"The series question: big books chopped up or small books glued together" with Ian Irvine, David Cornish, Kate Forsyth, Lara Morgan and Mif Farquharson (although, looking at my notes, I haven't written down anything she said so it may be she was very quiet, or perhaps she wasn't there. I can't remember now.).
Cornish said the most disconcerting thing for a writer is to have readers not just waiting for the next book to come out but the next book with a better plotline. Hmm, we hear a lot about second-book syndrome, but this would really put the pressure on! In a discussion about the problems with continuity over such a large work, he said he leaves questions at the end of all his ideas so he has room to change things. And he said he couldn't tell whether an idea was a short story or seventeen volumes until he'd written it.
Irvine said his first book went through twenty-two drafts over twelve years, which gave him time to tweak the plot. His research and worldbuilding were so extensive he even had charts of moon phases. He talked about how many viewpoints were reasonable to handle (few can handle six to eight well [note to self ...] -- that each time you add a viewpoint character you dilute the reader's investment in the other characters.

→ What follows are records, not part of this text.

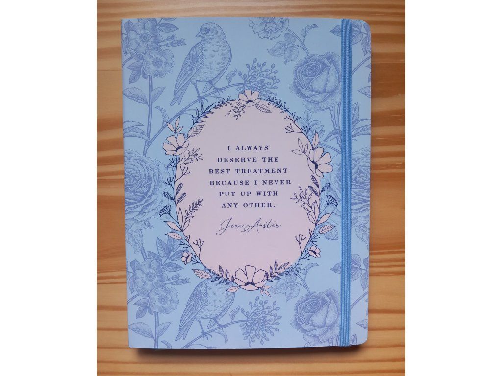 Romantický zápisník pro ženy inspirovaný románem Jane Austen. 240 linkovaných stránek pro poznámky a nápady.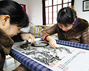 “兩會”剛結(jié)束,東臺發(fā)繡藝術(shù)館就著手合璧發(fā)繡的《富春山居圖》高級工藝美術(shù)師陳春生著筆臨摹了10天,在原《富春山居圖》繡作前端加上寬33厘米、長66厘米的《剩山圖》。藝術(shù)館特地挑選了有30年發(fā)繡經(jīng)驗(yàn)的親姐妹單素蘭和單素萍來執(zhí)針刺繡。兩位繡娘經(jīng)過20天全日制滿負(fù)荷的工作,4月10日,《剩山圖》終于刺繡完成。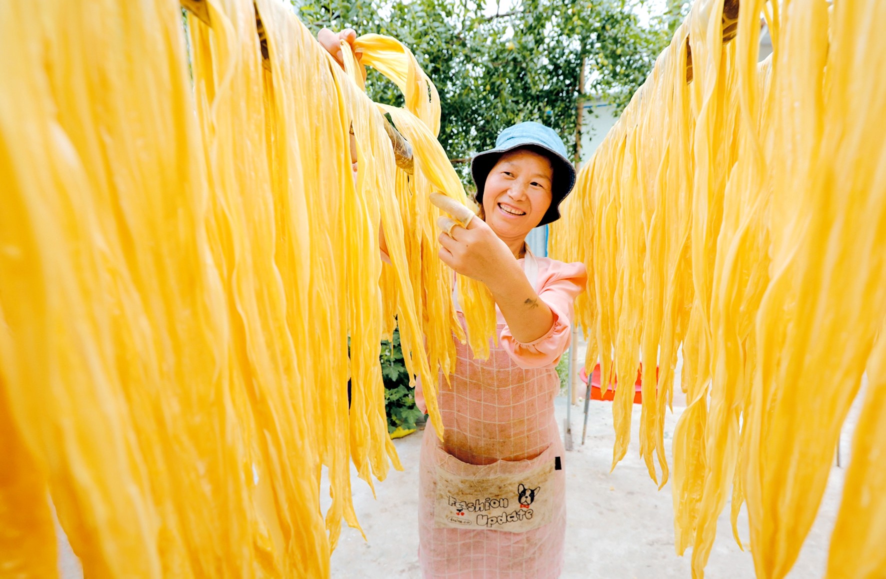近日,白鹤镇赤岩村村民袁道玉在加工、晾晒手工豆油精。据了解,房县豆油精为国家地理标志产品,俏销日本、越南、韩国等国外市场,年均销售收入达15亿元,成为农民增收致富的重要产业。(张启龙 摄)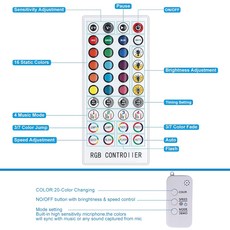 RGB LED Strip Light 20M 65ft Waterproof Music Sync 12V 5050 SMD Color Changing Bluetooth Controller 100-240V Adapter for Bedroom Home TV Back Light DIY Deco 14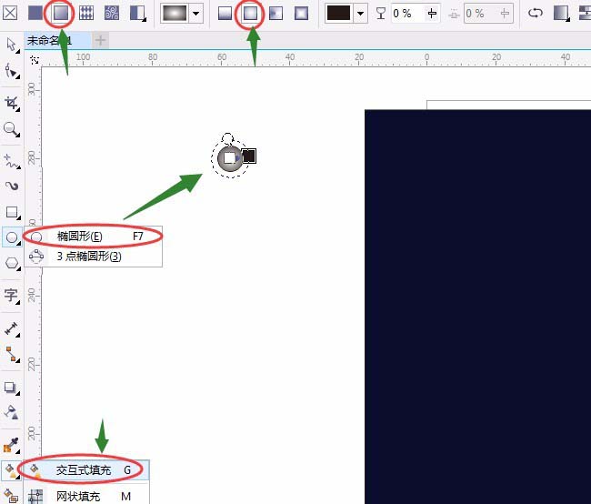 7、按“空格键”切换为“选择”工具,选定大圆移动右击复制一个,并适当变小,单击调色板最上方的×取消边线,再单击或按空格键用“交互式填充工具”属性栏中如图设置: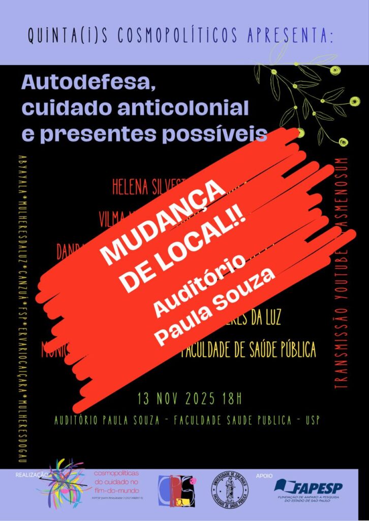 O projeto Cosmopolíticas do Cuidado no Fim-do-mundo realiza a última edição de 2025 dos Quintais Cosmopolíticos para debater práticas de cuidado anticoloniais. Com inspiração no conceito de autodefesa como forma de cuidado da filósofa e artista Denise Ferreira da Silva, esta edição convida mulheres à frente de movimentos sociais para uma conversa sobre como suas práticas de cuidado e enfrentamento fazem de presentes ameaçados possíveis. A décima edição dos Quintais Cosmopolíticos será realizada no dia 13 de novembro às 18h no anfiteatro Paula Souza da Faculdade de Saúde Pública (FSP) da USP.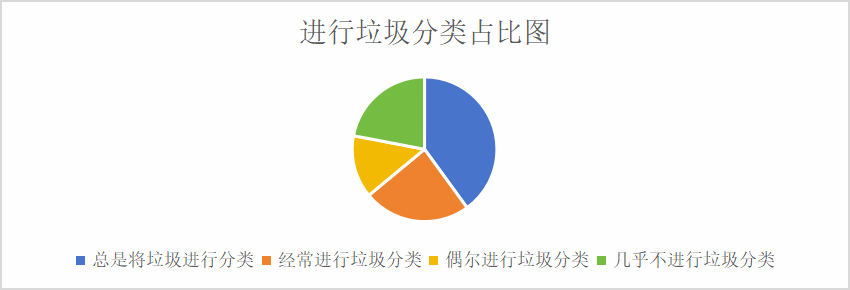经调查,40%的人总是会将垃圾进行分类,24%的人会经常进行垃圾分类,14%的人偶尔进行垃圾分类,而有22%的人会将垃圾随意丢放,不进行垃圾分类。这更加说明了本次垃圾分类社会实践活动开展的意义所在。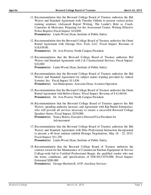 2015 03 24 Broward College Board Of Trustees Public Agenda 1113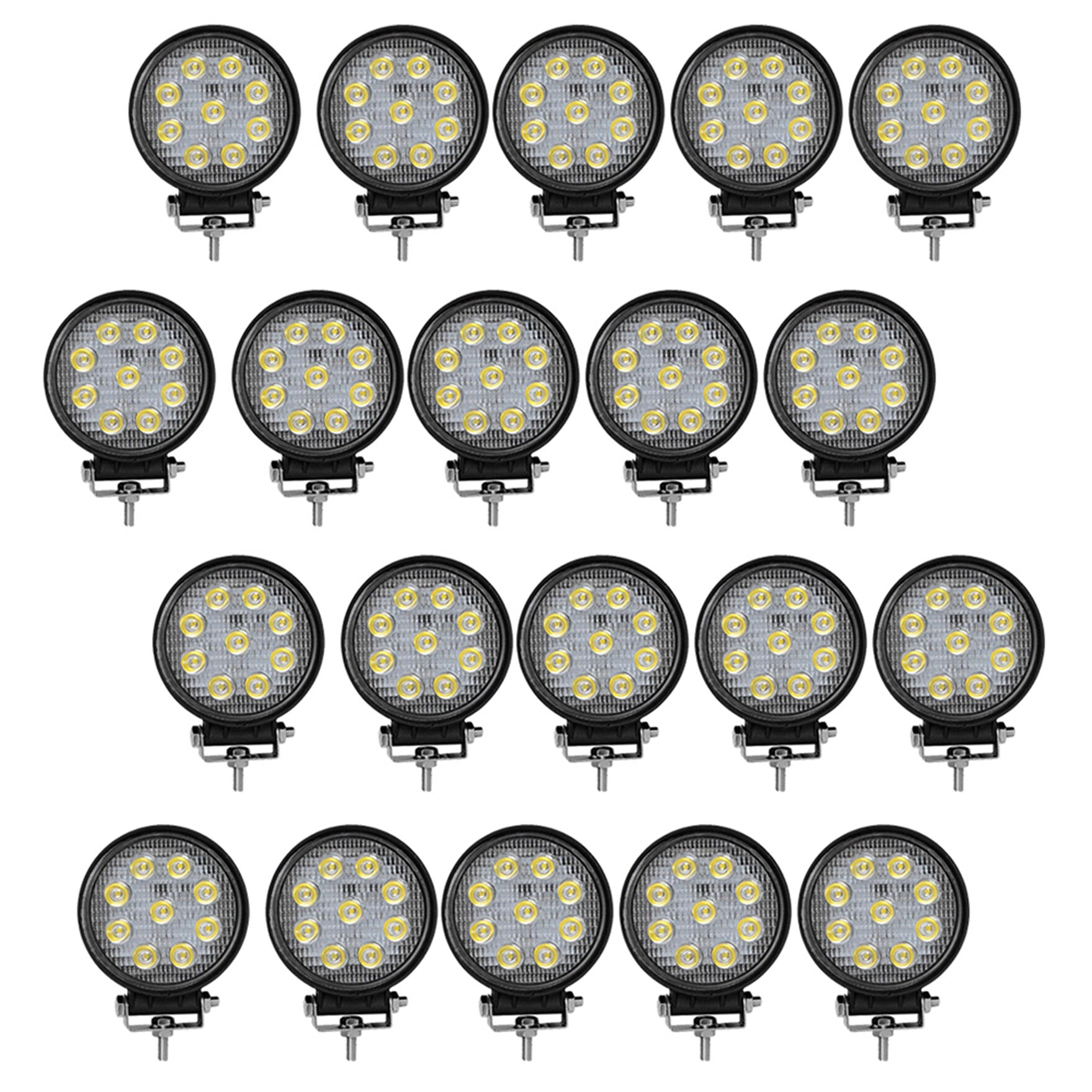 20x 4inch 27W Round LED Work Lights Pod SPOT Beam Offroad Fog Driving Light 12V Fit for Off Road Vehicles SUV Trucks UTE ATV Engineering Vehicles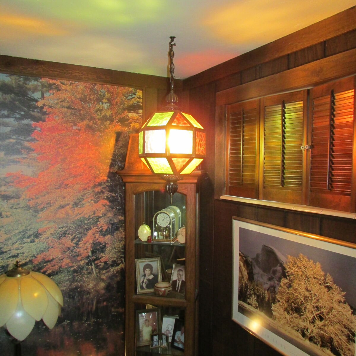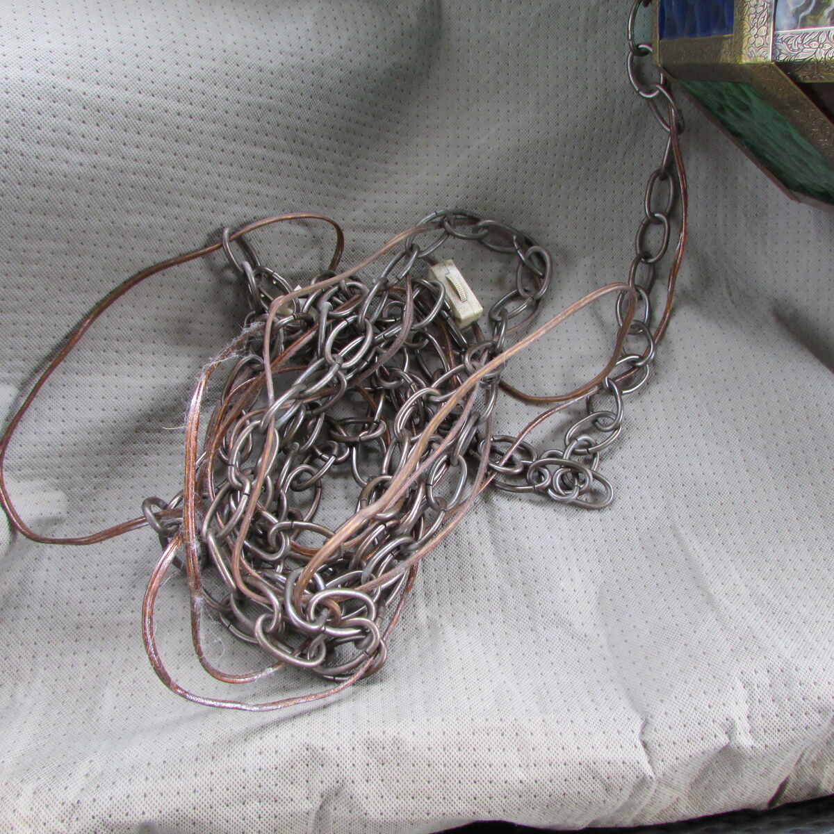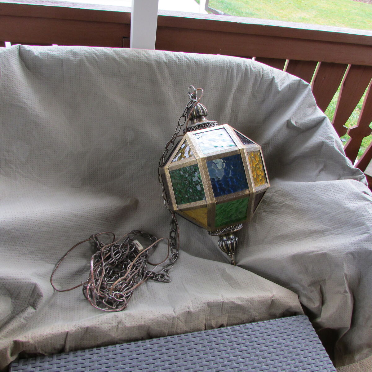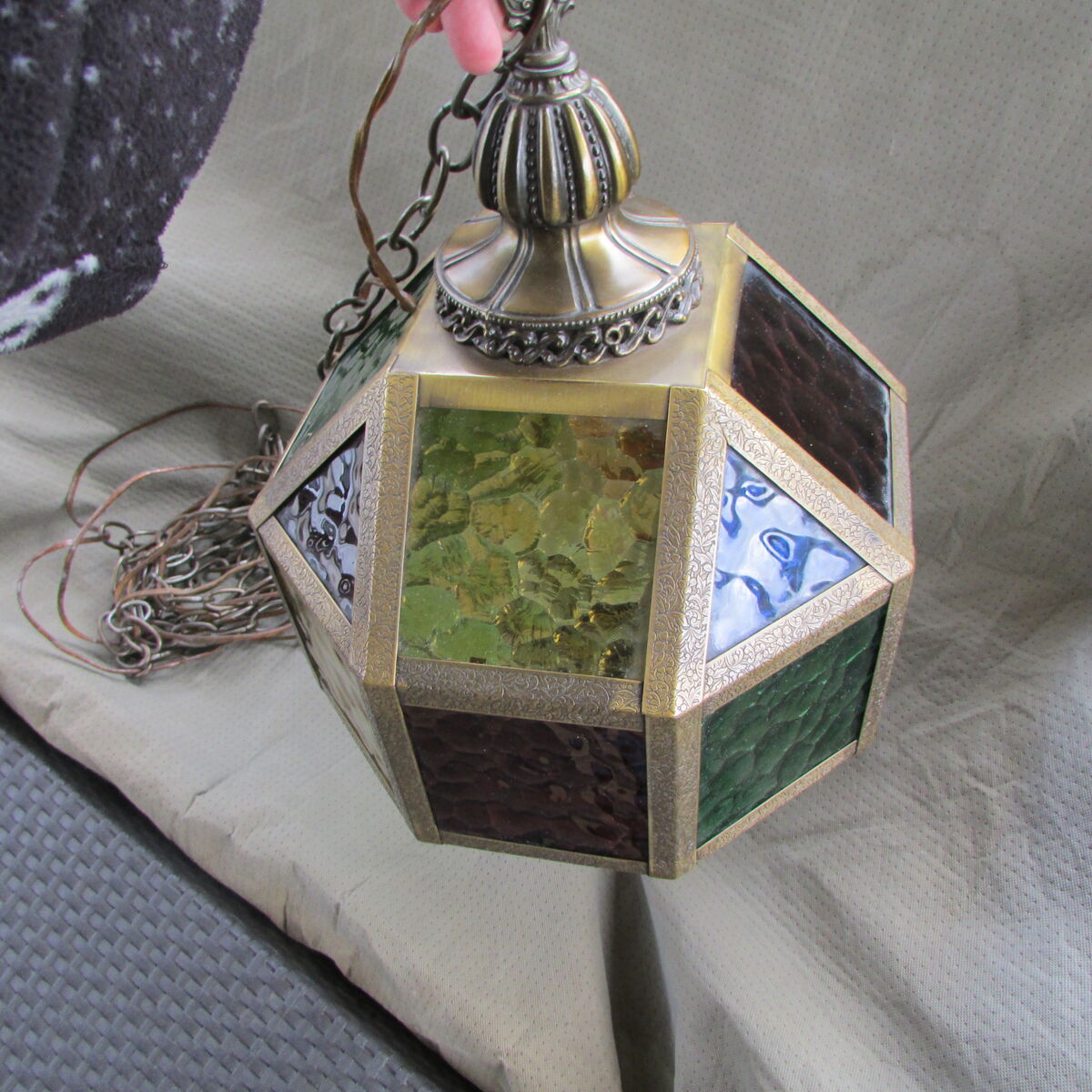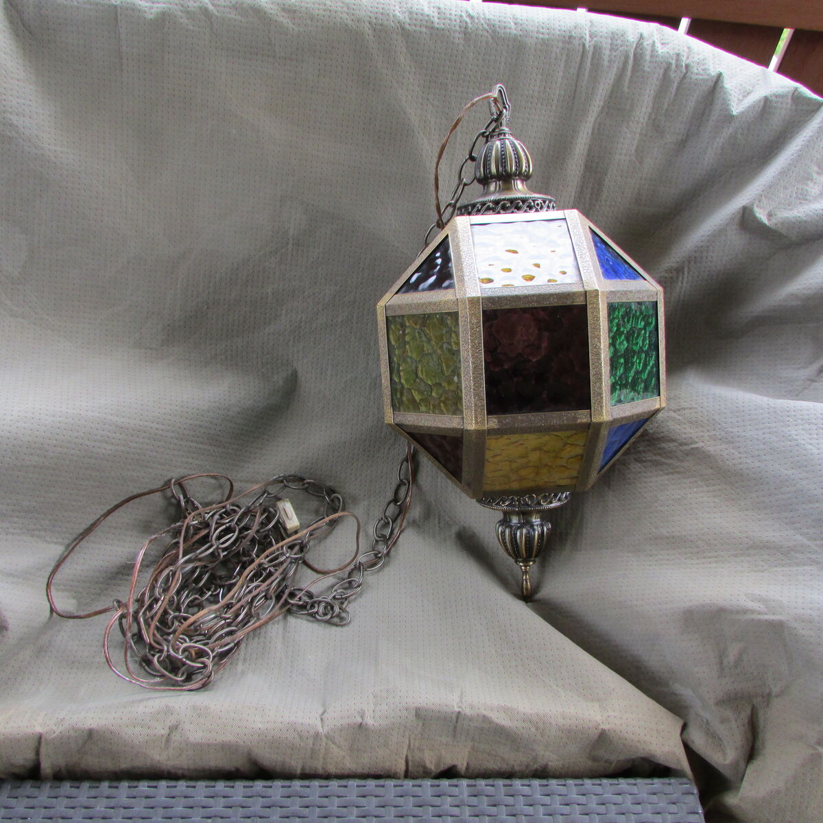 26 Sided Chain Hanging Lamp, All Original Glass Panels with No Cracks. About 20 Ft of Cord and Chain. Been in My Family Since early 60's. Absolute Mint Condition! 110.00 Cash, No Electronic Pymt.

For Forsyth, continuity is part of the enjoyment. She charts the time of year against the main character groups, what they are doing and where they are. She also writes timelines for each character and wrote an encyclopaedia of several hundred pages for Eileanan -- each country had an entry of eight to ten pages. Wow! I thought I had quite good worldbuilding, but mine looks paltry next to that. She constantly updated hers and kept it open on her screen as she was writing so she could constantly switch back and forward. With Gypsy Crown, she made sure she'd written all six books before it was published because she found with her first series there were things she would have liked to have changed when writing the latter books, but she couldn't because the first books were already published.
She said that every book in a series needs a sense of completion, resolution or something achieved, and that this along with paying attention to the structure of each story would help avoid sagging middles or the weak second book. Each book is part of an overriding arc and each book must increase in tension and importance -- something it is easy for writers to forget this as they could get bogged down in the subplots and characters. She added that she likes to make subsequent books bigger and brighter as a reward for readers for returning. Isn't that a nice idea!
She said her imagination had an epic grandeur about it [I like that!], so she couldn't write small and didn't like short stories, but she always knows exactly who she's writing for. She also talked about being completely absorbed in what she's currently writing, dreaming about it, thinking about it all the time, and so her favourite book is always her current one. Before cons, she always does a brief refresher course on her past books so she can answer reader questions.
Morgan, in her trilogy, gave each book one big event to keep them all exciting. She killed off characters because she realised she had too many and although she cried while writing these scenes [or this scene?], she said the book was better for it.
In fact, that was such a long report, I might just leave it at that.
1 comment:
Kate Forsyth is such a good speaker about her own work (and writes about her processes really well too). I do agree with her about making later books bigger and better than the earlier ones, plot-wise. I find I'm doing that with the historical series I'm writing, although I do worry then that the first book might seem weak in comparison.
It's definitely the advantage to writing all of them before any are published!